4.4. Comparison of Power Generation Forecast Time of Offshore Wind Turbines
To further verify the prediction time of the proposed method, the method of Peng et al. [6], the method of Sun et al. [7], and the proposed method were used to compare, and the comparison results of the power generation power prediction time of offshore wind turbines were obtained as shown in Figure 7.

It can be seen from Figure 7 that with the increase of data sample training set data, the generation power prediction time of offshore wind turbines using different methods increases accordingly. When the training set is 1000, the prediction time of offshore wind turbine power by the method of Peng et al. [6] is 49.9 s, and the prediction time of offshore wind turbine power by the method of Sun et al. [7] is 47.5 s. The prediction time of offshore wind turbine power by the proposed method is only 25 s.

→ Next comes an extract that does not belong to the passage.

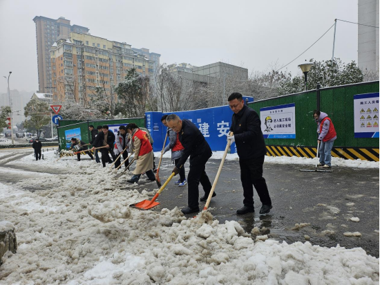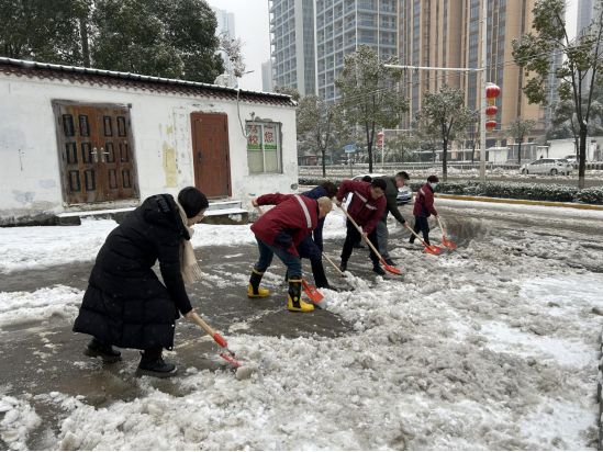 2月4日清晨,汉阳区五麒里社区组织辖区企业武汉铁路地产置业有限公司党委、汉阳区疾病预防控制中心党支部等多方力量,在社区各主次干道开展除冰铲雪行动。

It can be seen that, compared with the method of Peng et al. [6] and the method of Sun et al. [7], the proposed method has a shorter time to predict the power generation of offshore wind turbines.

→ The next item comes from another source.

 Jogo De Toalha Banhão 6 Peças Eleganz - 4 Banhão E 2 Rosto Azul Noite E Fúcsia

4.5. Comparison of Power Generation Prediction Accuracy of Offshore Wind Turbines
On this basis, the prediction accuracy of the proposed method is further verified, and the method of Peng et al. [6], the method of Sun et al. [7], and the proposed method are used to compare, and the comparison results of the power generation power prediction errors of different methods of offshore wind turbines are obtained in Table 2.

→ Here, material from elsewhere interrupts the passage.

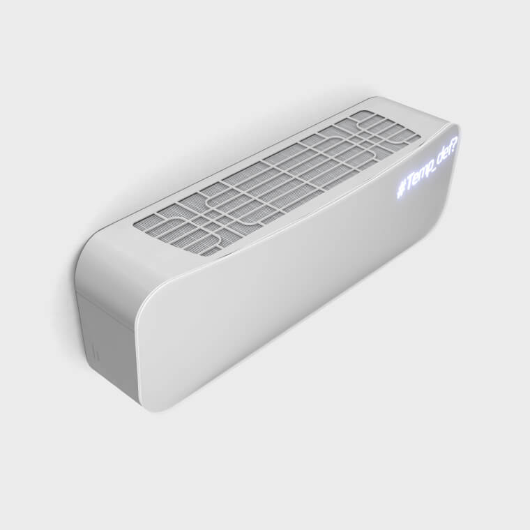 The whole scene is set to a neutral light grey/white color scheme. Indoor AC units usually blend in with the room and do not attract much attention, which is why we chose white color and metallic materials. A cool design feature of this particular AC is the front cover that conceals the internal components when the device is not working. On top of the cover, there is a thin piece of geometry with a glass material applied, giving it depth and nice reflections. Temperature and icons are placed underneath this glass panel. A lightmap was baked on the outer parts, while ambient occlusion (AO) was used for the internal ones. AO textures are smaller in size compared to lightmaps, making them ideal for areas where high detail is not needed.

According to the data in Table 2, as the data in the training set of data samples increases, the prediction error of the power generation of offshore wind turbines using different methods also increases. When the training set is 1000, the RMSE and MAE values of the method of Peng et al. [6] are 31.5% and 31.9%, respectively, and the RMSE and MAE values of the method of Sun et al. [7] are 17.8% and 29.5%, respectively. The RMSE and MAE values of the proposed method are 13.3% and 26.9%, respectively. It can be seen that, compared with the methods of Peng et al. [6] and Sun et al. [7], the RMSE and MAE values of the proposed method are smaller, which can effectively reduce the power generation prediction error of offshore wind turbines and improve the power generation prediction accuracy of offshore wind turbines.
5. Conclusion
The generation power prediction method of offshore wind turbines based on cascade deep learning proposed in this paper gives full play to the advantages of deep learning algorithms. It has high generation power prediction accuracy, can effectively shorten the generation power prediction time of offshore wind turbines, and has a good generation power prediction effect. However, due to the limitation of data acquisition channels, the prediction effect of wind farm groups has not been considered in this study. Therefore, in the next research, it is necessary to further broaden the historical data range of wind turbine power generation to the wind farm group, in order to realize the wide area of wind power big data prediction technology.
Data Availability
The datasets used and/or analyzed during the current study are available from the corresponding author upon reasonable request.
Conflicts of Interest
The authors declare that there are no conflicts of interest.